Stunned, Bajaratt watched as a man she barely recognized walked down the wide staircase, flanked by the robed servant Ahmet and a striking blond-haired woman dressed in a sheer negligee that revealed the flesh beneath, clearly emphasizing the swell of her breasts and the sinuous movement of her hips. The man was Nesbitt! Each held the senator from Michigan, steadying him down the steps. His face was pale, nearly death-white, his eyes two ceramic balls devoid of movement, his expression frozen as if in a trance. He wore a bathrobe of blue velveteen; his feet were bare, the veins apparent.

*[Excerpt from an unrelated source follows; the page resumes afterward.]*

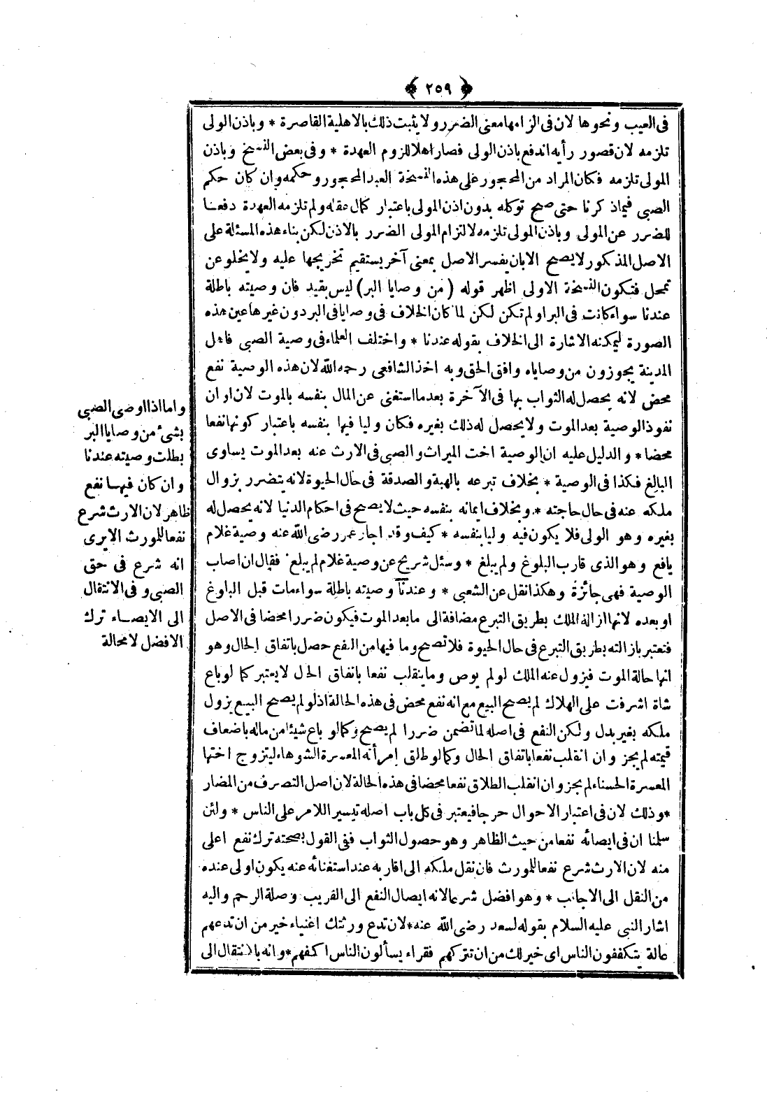 وَأَمَّا إذَا أَوْصَى الصَّبِيُّ بِشَيْءٍ مِنْ وَصَايَا الْبِرِّ بَطَلَتْ وَصِيَّتُهُ عِنْدَنَا وَإِنْ كَانَ فِيهَا نَفْعٌ ظَاهِرٌ لِأَنَّ الْإِرْثَ شُرِعَ نَفْعًا لِلْمُوَرِّثِ أَلَا يَرَى أَنَّهُ شُرِعَ فِي حَقِّ الصَّبِيِّ وَفِي الِانْتِقَالِ إلَى الْإِيصَاءِ تُرِكَ الْأَفْضَلُ لَا مَحَالَةَ

“He’s had his injection,” said the Baj’s hostess softly. “He won’t recognize you.”
“He’s drugged?”
“Medically prescribed by an excellent physician. He’s a dual.”
“Dual?”
“Dual personality, Amaya. A Jekyll and Hyde without the evil, only with unfulfilled hungers.… Shortly after his marriage more than forty years ago, a tragic event took place, an assault that left his wife physically and psychologically impaired, in a word, permanently frigid. The act of intercourse was repugnant to her, the mere thought of it sending her into hysterics, and for good reason. She had been raped by a psychopath, a burglar who broke into their apartment, bound the young lawyer, and forced him to watch the rape. From that night on, his wife could not fulfill her marital obligations. Yet he was a devoted husband, and far worse, a religious man; he sought no release from his perfectly natural sexuality. Finally, after she died three years ago, the burden destroyed him, or, I should say, destroyed a part of him.”
“How did you find him?”
“There are a hundred senators, and we knew that one of them was a Scorpio. We studied them all, starting alphabetically—every shred of their lives.… Alas, we never found the Scorpion, but we discovered an obviously deeply disturbed man whose frequent and mysterious absences were covered up by the only close friend he had, his housekeeper of twenty-eight years, a woman in her seventies.”